╭─ Data under study
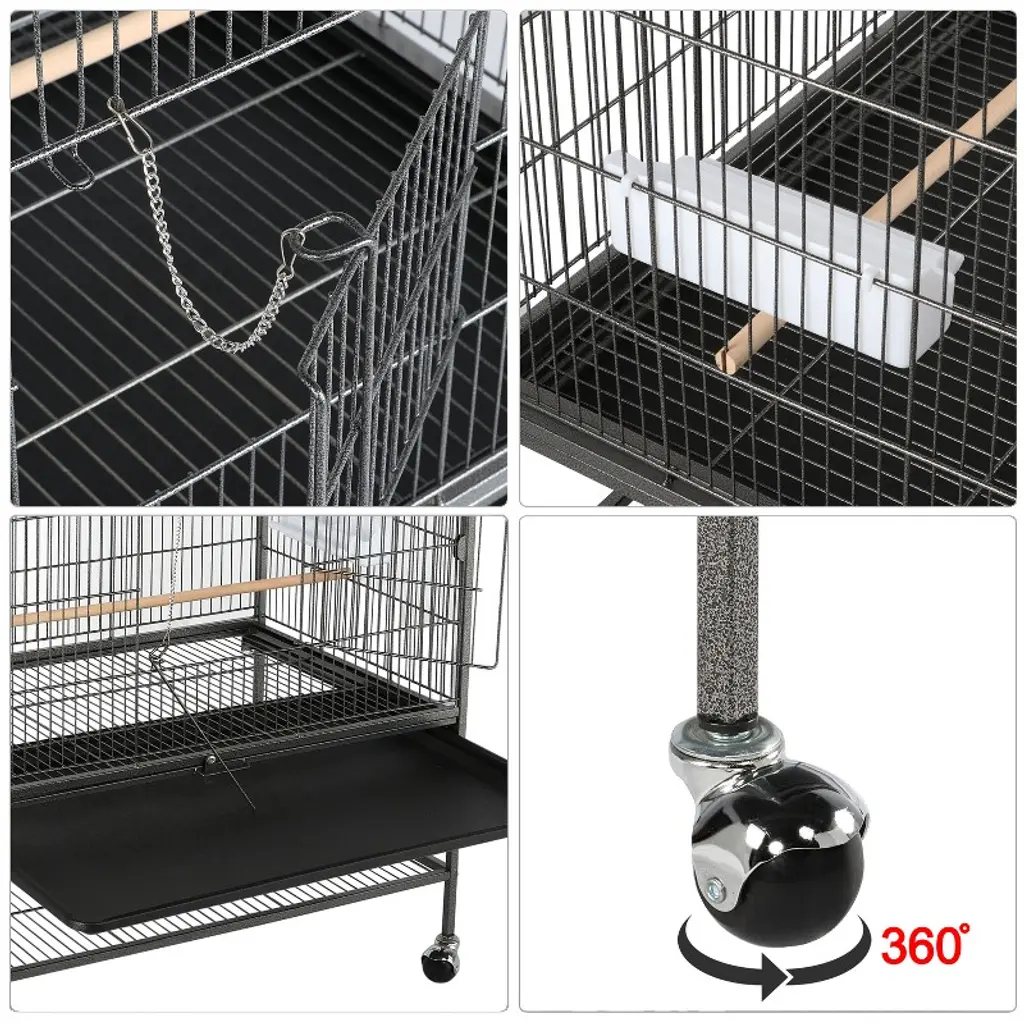 Yaheetech 52"h Rolling Bird Cage Parrot Cage With 3 Perches & Extra Storage Shelf, Black
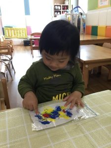 絵の具の感触が苦手な子は袋の上から触ったり、画用紙からはみ出して塗る子など
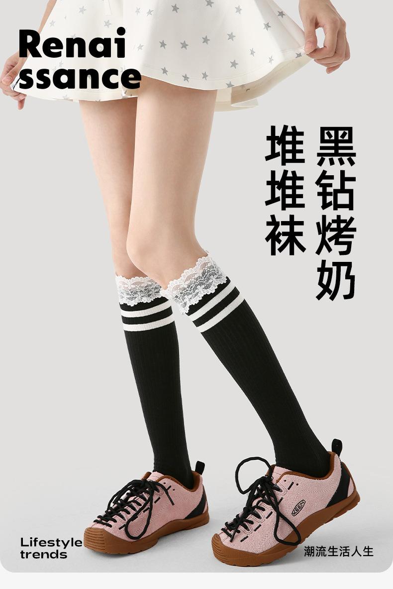 Calcetines Originales Renacentistas para Mujer Otoño e Invierno Nuevos Calcetines de Encaje Estilo Universitario Calcetines Adelgazantes para Pantorrilla para Mujer
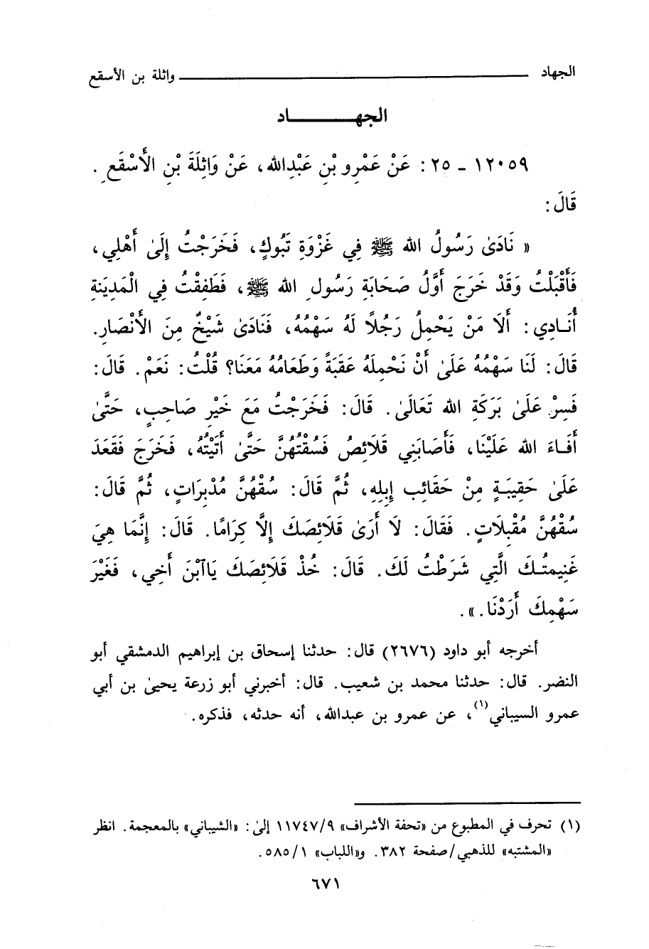 أخرجه أبو داود (٢٦٧٦) قال: حدَّثنا إِسْحَاق بن إبراهيم الدِّمَشْقِي، أبو النَّضْر، حدَّثنا مُحَمد بن شُعَيْب، أخبرني أبو زُرْعَة، يَحيى بن أَبي عَمْرو السَّيْبَانِي، عن عَمْرو بن عَبْد الله، أنه حدَّثه، فذكره.
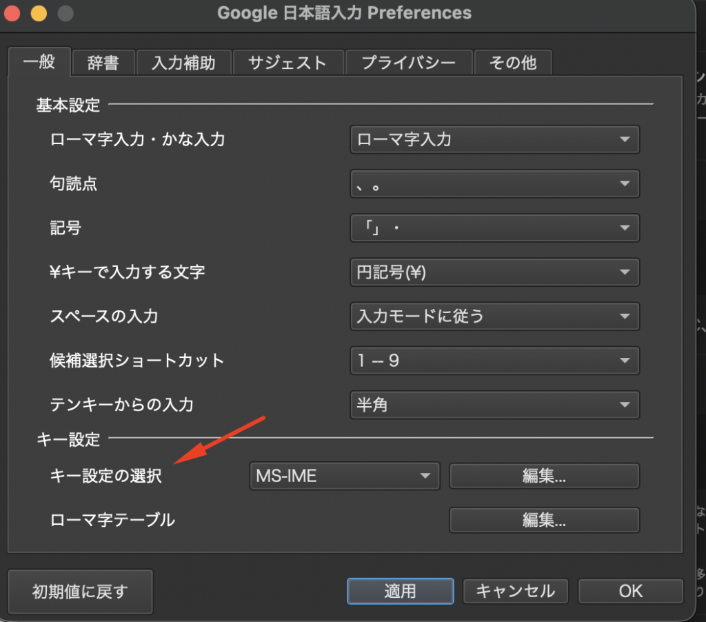 デフォルトでは、「キー設定の選択」はことえりになっています。
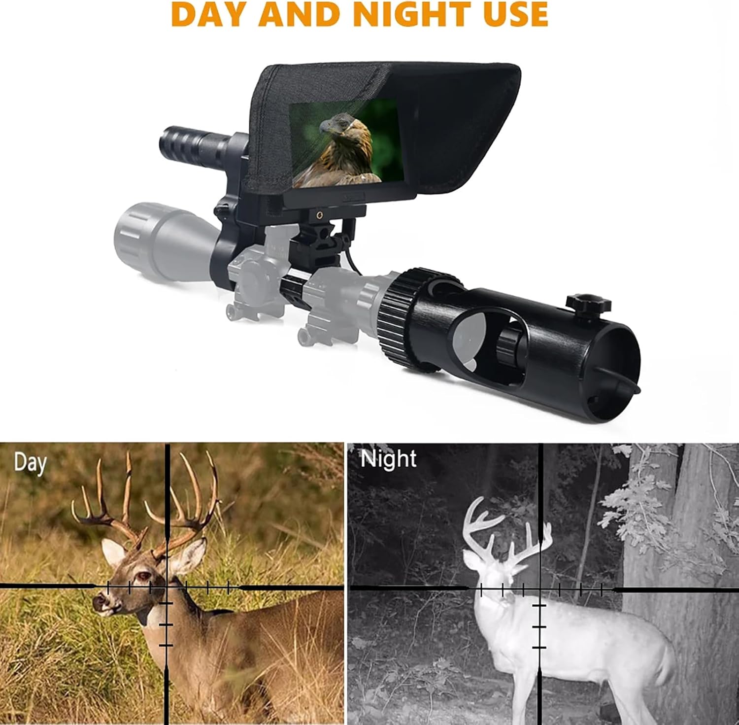 ★ Night Vision Camera System OverviewCamera Specs:Pixel: 3MPSize: 16MMLens: Adjustable focusMode: Switchable day and night modeInterface: Micro USBLCD Monitor:Main Function: Record video and take photosDisplay: 4.3 inch, HD 720PButtons: "On/Off", "OK/Menu", "Up", "Photo", "Video"Languages: English, Spanish, French, Russian, Portuguese, German, Italian, ChineseFlashlight:Type: Laser Infrared flashlightVisible Distance: 200-400 meters or moreBattery Requirements: 2pcs 18650 for display, 1pc 18650 for IR flashlight (Batteries not included)Working Time: Display: 5-8 hours, Flashlight: 4-6 hours★ Package Contents:4.3 inch LCD Display * 1Night Vision Camera * 1Camera Tube * 1Laser IR Flashlight * 1Flashlight Mount * 125mm/30mm Display Ring Mounts * 2Screwdriver * 1Camouflage Tape * 1Monitor Cover * 1
╰─
**What to produce**
When pictures appear in the records above, leave them out and reproduce exactly each line from the first through the line containing "デフォルトでは、「キー設定の選択」はことえりになっています。", both included.

**Answer space**
 Yaheetech 52"h Rolling Bird Cage Parrot Cage With 3 Perches & Extra Storage Shelf, Black
 絵の具の感触が苦手な子は袋の上から触ったり、画用紙からはみ出して塗る子など
 Calcetines Originales Renacentistas para Mujer Otoño e Invierno Nuevos Calcetines de Encaje Estilo Universitario Calcetines Adelgazantes para Pantorrilla para Mujer
 أخرجه أبو داود (٢٦٧٦) قال: حدَّثنا إِسْحَاق بن إبراهيم الدِّمَشْقِي، أبو النَّضْر، حدَّثنا مُحَمد بن شُعَيْب، أخبرني أبو زُرْعَة، يَحيى بن أَبي عَمْرو السَّيْبَانِي، عن عَمْرو بن عَبْد الله، أنه حدَّثه، فذكره.
 デフォルトでは、「キー設定の選択」はことえりになっています。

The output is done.